Extracted records:
-=-=-
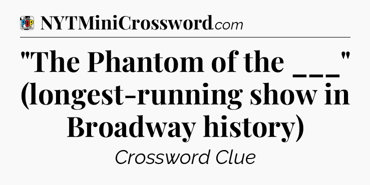 The clue “”The Phantom of the ___” (longest-running show in Broadway history)” most recently appeared in a Daily Pop Plus Crossword on March 9, 2025.
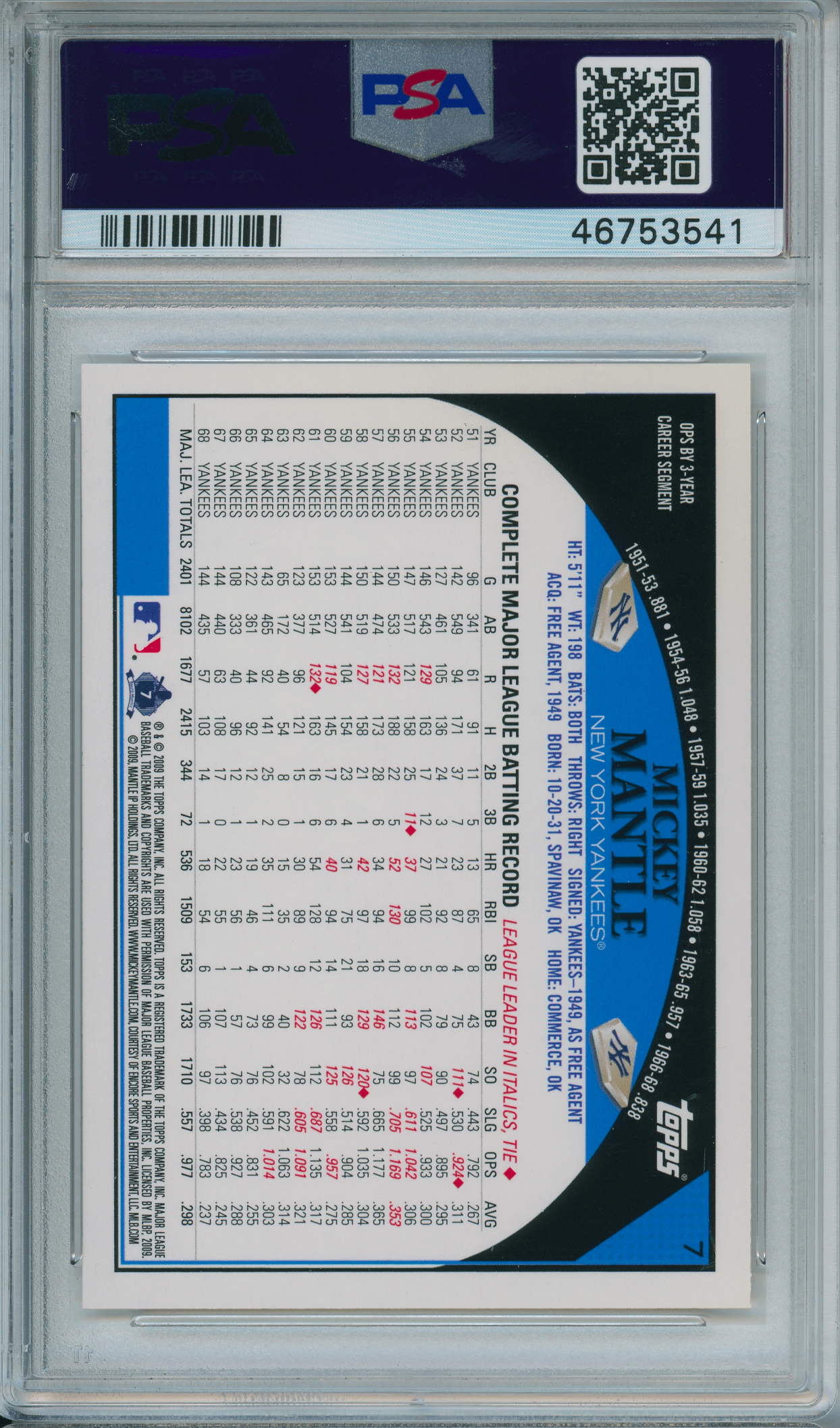 Home / Shop / Cards / Baseball / Yankees / 2009 Topps #7 Mickey Mantle PSA 10 GEM MINT2009 Topps #7 Mickey Mantle PSA 10 GEM MINTRelated products Baseball , Cards 1990 Topps Tiffany #210 Ryne Sandberg Cubs PSA 10 GEM MT Athletics , Baseball 1974 Topps #290 Vida Blue Athletics PSA 9 MINT All-Star Cups , Baseball 2019 Topps Heritage #413 Gleyber Torres Purple Refractor PSA 10 GEM MT Baseball , Cards 1970 Kelloggs #7 Tom Seaver Mets PSA 10 GEM MT
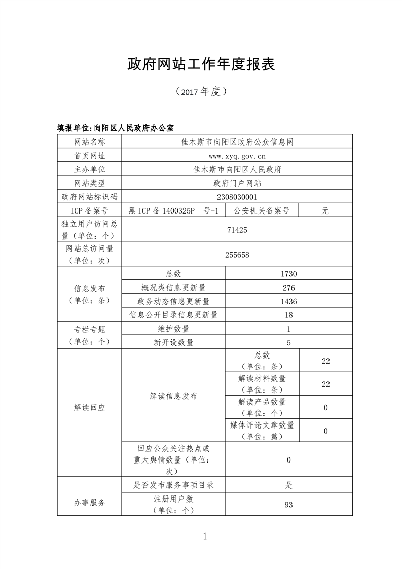 2017年度佳木斯市向阳区人民政府网站工作年度报表
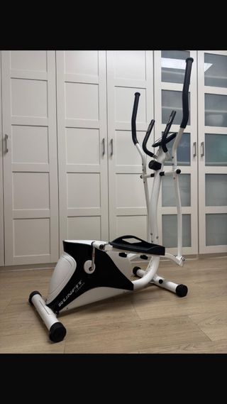 Se vende bicicleta elíptica plegable en casi perfecto estado, usada unas pocas veces, junto a un PROTECTOR DE SUELO DE REGALO, que conjunta perfectamente con la misma. Precio original: 549€ Cualquier duda, no duden en contactar conmigo. Un saludo.
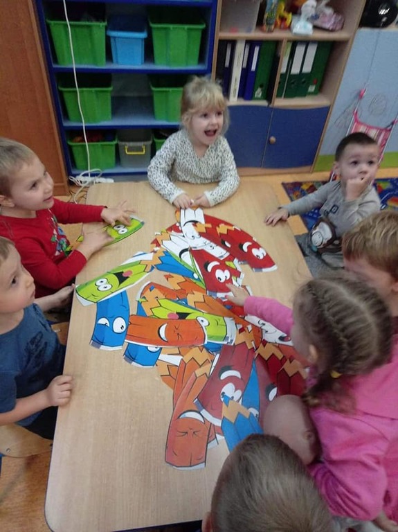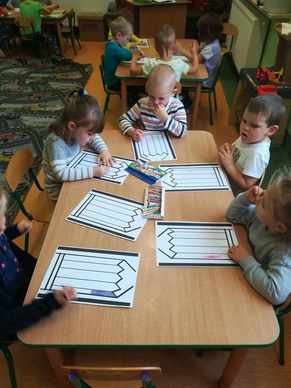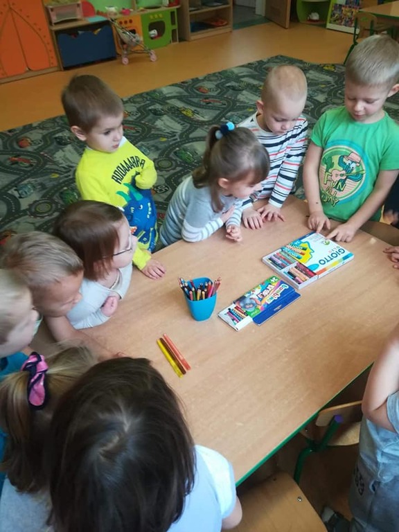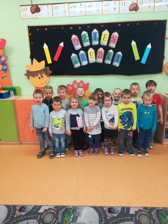 Dnia 22.11 dzieci z naszego przedszkola obchodziły Dzień Kredki. W tym dniu wszystkie zajęcia były poświęcone temu świętu. Maluchy zaczęły dzień od obejrzenia filmu "Jak powstają kredki". Przedszkolaki poznały rodzaje kredek, przypomniały sobie kolory. Odbył się również konkurs na najszybciej zatemperowaną kredkę. W każdej z grup dzieci wykonały prace plastyczne, którymi maluchy mogły pochwalić się przed rodzicami.
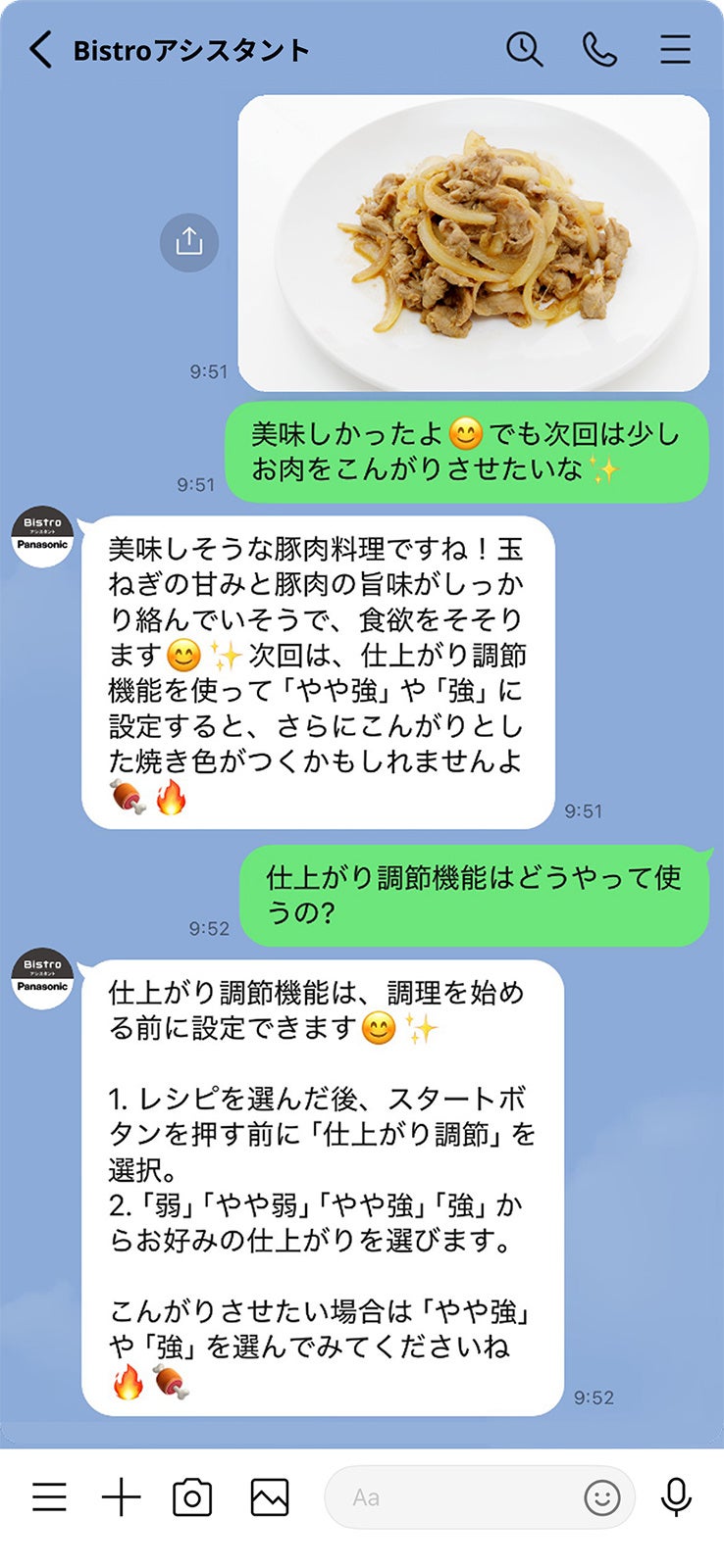 Bistroアシスタントは、LINE公式アカウント(※2)を活用した新たな食体験をお届けする月額サービスです。BistroアシスタントのLINE公式アカウント上でチャットすると、生成AIが即座に認識し、お客様の好みやライフスタイルに応じた最適なレシピ提案や調理中の疑問にリアルタイムで応対します。まるでプロの料理家が隣で見守ってくれているように、料理が完成するまでのプロセスに存在するさまざまな悩みやお困りごとをサポートするほか、次回以降の調理に役立つヒントや新しい料理のアイデアの提供を通じて、より豊かで彩りある食卓をお届けします。既にLINEをお使いの場合は、サービスのBistroアシスタントLINE公式アカウントへの友だち追加を行えば利用可能です(※3)。
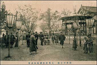 写真/下は熊本市で開かれた御大典記念の国産共振会の記念絵はがきで大正2年、大正天皇の即位大典を記念して各地で開かれた博覧会的行事の一つであった。このような地方都市の行事に対しても絵はがき業者は商売の手を伸ばしていった。
-=-=-
REQUIREMENT:
Print the records exactly, every one. Leave out the pictures.

ANSWER FOR THE TASK:
 The clue “”The Phantom of the ___” (longest-running show in Broadway history)” most recently appeared in a Daily Pop Plus Crossword on March 9, 2025.
 Home / Shop / Cards / Baseball / Yankees / 2009 Topps #7 Mickey Mantle PSA 10 GEM MINT2009 Topps #7 Mickey Mantle PSA 10 GEM MINTRelated products Baseball , Cards 1990 Topps Tiffany #210 Ryne Sandberg Cubs PSA 10 GEM MT Athletics , Baseball 1974 Topps #290 Vida Blue Athletics PSA 9 MINT All-Star Cups , Baseball 2019 Topps Heritage #413 Gleyber Torres Purple Refractor PSA 10 GEM MT Baseball , Cards 1970 Kelloggs #7 Tom Seaver Mets PSA 10 GEM MT
 2017年度佳木斯市向阳区人民政府网站工作年度报表
 Se vende bicicleta elíptica plegable en casi perfecto estado, usada unas pocas veces, junto a un PROTECTOR DE SUELO DE REGALO, que conjunta perfectamente con la misma. Precio original: 549€ Cualquier duda, no duden en contactar conmigo. Un saludo.
 Dnia 22.11 dzieci z naszego przedszkola obchodziły Dzień Kredki. W tym dniu wszystkie zajęcia były poświęcone temu świętu. Maluchy zaczęły dzień od obejrzenia filmu "Jak powstają kredki". Przedszkolaki poznały rodzaje kredek, przypomniały sobie kolory. Odbył się również konkurs na najszybciej zatemperowaną kredkę. W każdej z grup dzieci wykonały prace plastyczne, którymi maluchy mogły pochwalić się przed rodzicami.
 Bistroアシスタントは、LINE公式アカウント(※2)を活用した新たな食体験をお届けする月額サービスです。BistroアシスタントのLINE公式アカウント上でチャットすると、生成AIが即座に認識し、お客様の好みやライフスタイルに応じた最適なレシピ提案や調理中の疑問にリアルタイムで応対します。まるでプロの料理家が隣で見守ってくれているように、料理が完成するまでのプロセスに存在するさまざまな悩みやお困りごとをサポートするほか、次回以降の調理に役立つヒントや新しい料理のアイデアの提供を通じて、より豊かで彩りある食卓をお届けします。既にLINEをお使いの場合は、サービスのBistroアシスタントLINE公式アカウントへの友だち追加を行えば利用可能です(※3)。
 写真/下は熊本市で開かれた御大典記念の国産共振会の記念絵はがきで大正2年、大正天皇の即位大典を記念して各地で開かれた博覧会的行事の一つであった。このような地方都市の行事に対しても絵はがき業者は商売の手を伸ばしていった。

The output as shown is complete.